Papers
arxiv:2309.10952

LMDX: Language Model-based Document Information Extraction and Localization

Published on Sep 19, 2023
· Featured in Daily Papers on Sep 21, 2023
Authors:
,
,
,

Abstract

Large Language Models (LLM) have revolutionized Natural Language Processing (NLP), improving state-of-the-art on many existing tasks and exhibiting emergent capabilities. However, LLMs have not yet been successfully applied on semi-structured document information extraction, which is at the core of many document processing workflows and consists of extracting key entities from a visually rich document (VRD) given a predefined target schema. The main obstacles to LLM adoption in that task have been the absence of layout encoding within LLMs, critical for a high quality extraction, and the lack of a grounding mechanism ensuring the answer is not hallucinated. In this paper, we introduce Language Model-based Document Information Extraction and Localization (LMDX), a methodology to adapt arbitrary LLMs for document information extraction. LMDX can do extraction of singular, repeated, and hierarchical entities, both with and without training data, while providing grounding guarantees and localizing the entities within the document. In particular, we apply LMDX to the PaLM 2-S LLM and evaluate it on VRDU and CORD benchmarks, setting a new state-of-the-art and showing how LMDX enables the creation of high quality, data-efficient parsers.

Community

This is an automated message from the Librarian Bot. I found the following papers similar to this paper.

The following papers were recommended by the Semantic Scholar API

Please give a thumbs up to this comment if you found it helpful!
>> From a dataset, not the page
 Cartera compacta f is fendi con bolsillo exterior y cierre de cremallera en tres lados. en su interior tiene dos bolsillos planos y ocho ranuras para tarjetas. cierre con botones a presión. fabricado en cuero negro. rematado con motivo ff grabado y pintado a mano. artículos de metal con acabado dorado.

If you want recommendations for any Paper on Hugging Face checkout this Space

How can i use this model for fact extraction from mu owns documents?
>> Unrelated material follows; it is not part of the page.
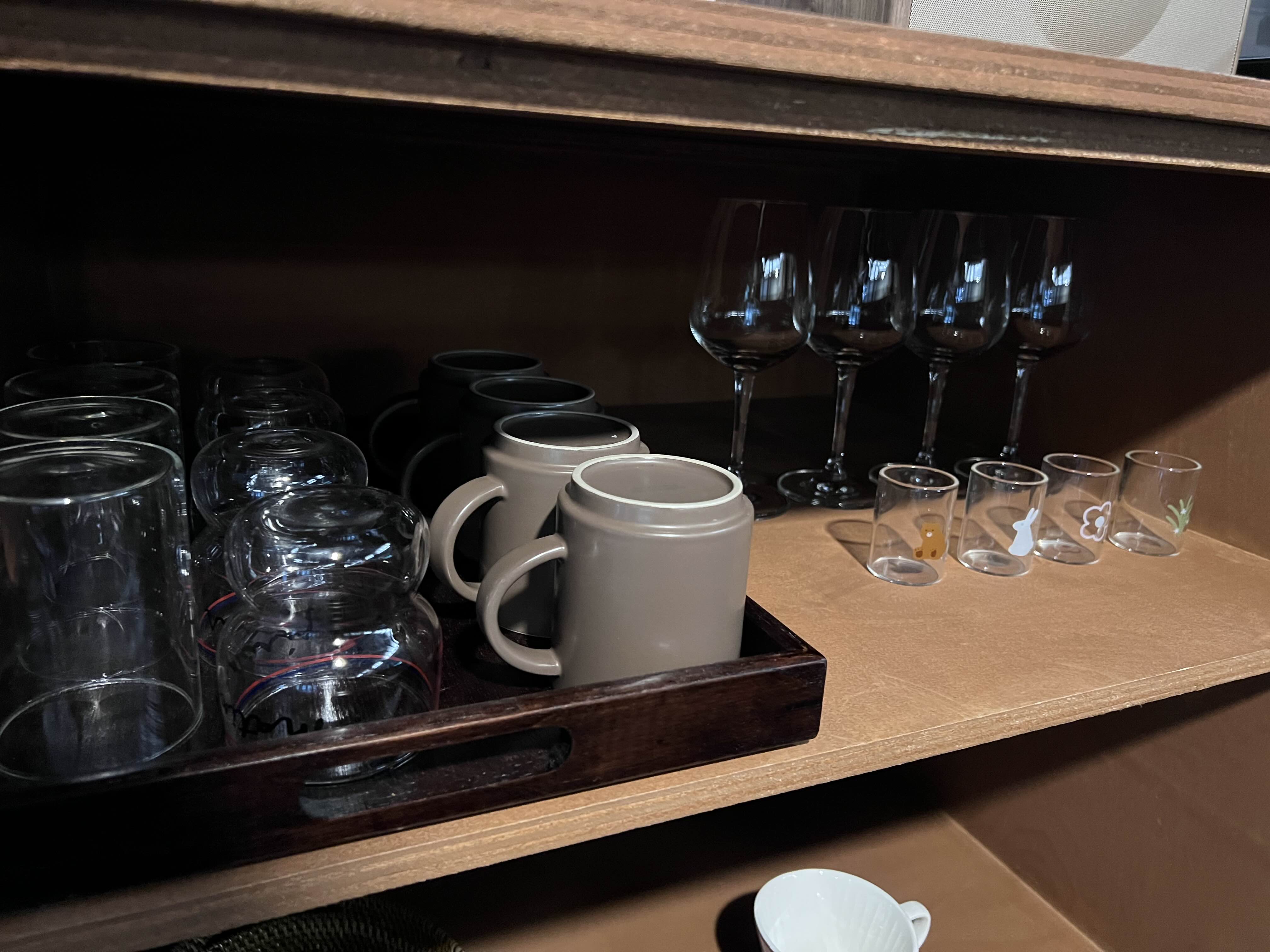 4. 4개 정도로 컵과 잔들이 세팅되어 있습니다.

Can this strategy be used with lower parameter models like Flan-UL2?

frustrated that the paper did not tell model size, and data size used in first-stage fine-tuning.

Hi all! Thanks all for your interest and reading the paper! Answering some of the questions below:

How can i use this model for fact extraction from mu owns documents?

Since the results are based on PaLM 2, we can't release the model, but we tried to describe the methodology in detail so it could replicated on other LLMs.

Can this strategy be used with lower parameter models like Flan-UL2?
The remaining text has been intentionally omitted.